Closed 1057939502 closed 7 months ago
Thank you for your interest in our work. Existing open-source large VLMs are primarily composed of publicly available modules (e.g., CLIP and Vicuna). These facts increase the chance that the surrogate model used by black-box adversaries shares mutual information with the victim model, essentially making the victim model vulnerable to adversarial transferability.
Back to your question, the visual encoder of BLIP, is also a pre-trained CLIP encoder (see page-4 in paper).
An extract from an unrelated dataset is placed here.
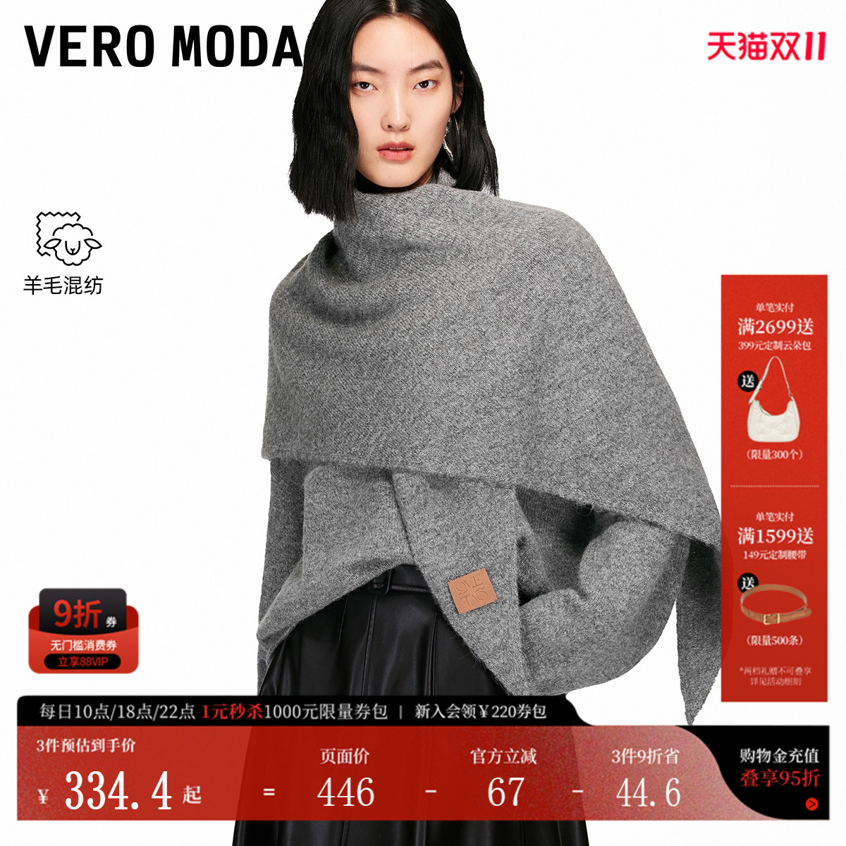 Vero Moda针织衫2025冬季新款含绵羊毛可拆披肩宽松圆领针织上衣

Nevertheless, even if the visual encoder contains CLIP, the CLIP module only occupies a small portion of the large VLMs (e.g., a CLIP encoder has ~300M parameters and a LLM like Vicuna may have ~13B parameters), where the main model capacity is involved in LLMs that are unseen to our transfer-based attackers, and it is non-trivial to fool large VLMs to return targeted responses solely based on adversarial transferability.
We used the pretrained CLIP. Based on our experience, if you use the entirely different visual encoder (e.g., another type of CLIP, or adversarially trained CLIP), it could degrade the ASR, but there are still successful cases of crafting the adv samples.
Should I classify your attack method as a gray-box attack? In your paper, you rarely mention how to choose the surrogate model. I think that surrogate model.should not be part of the target model If your attack is black box. However, you used BLIP-encoder as the surrogate model to attack BLIP and you used CLIP-encoder(components of unidiff) as the surrogate model to attack unidiff.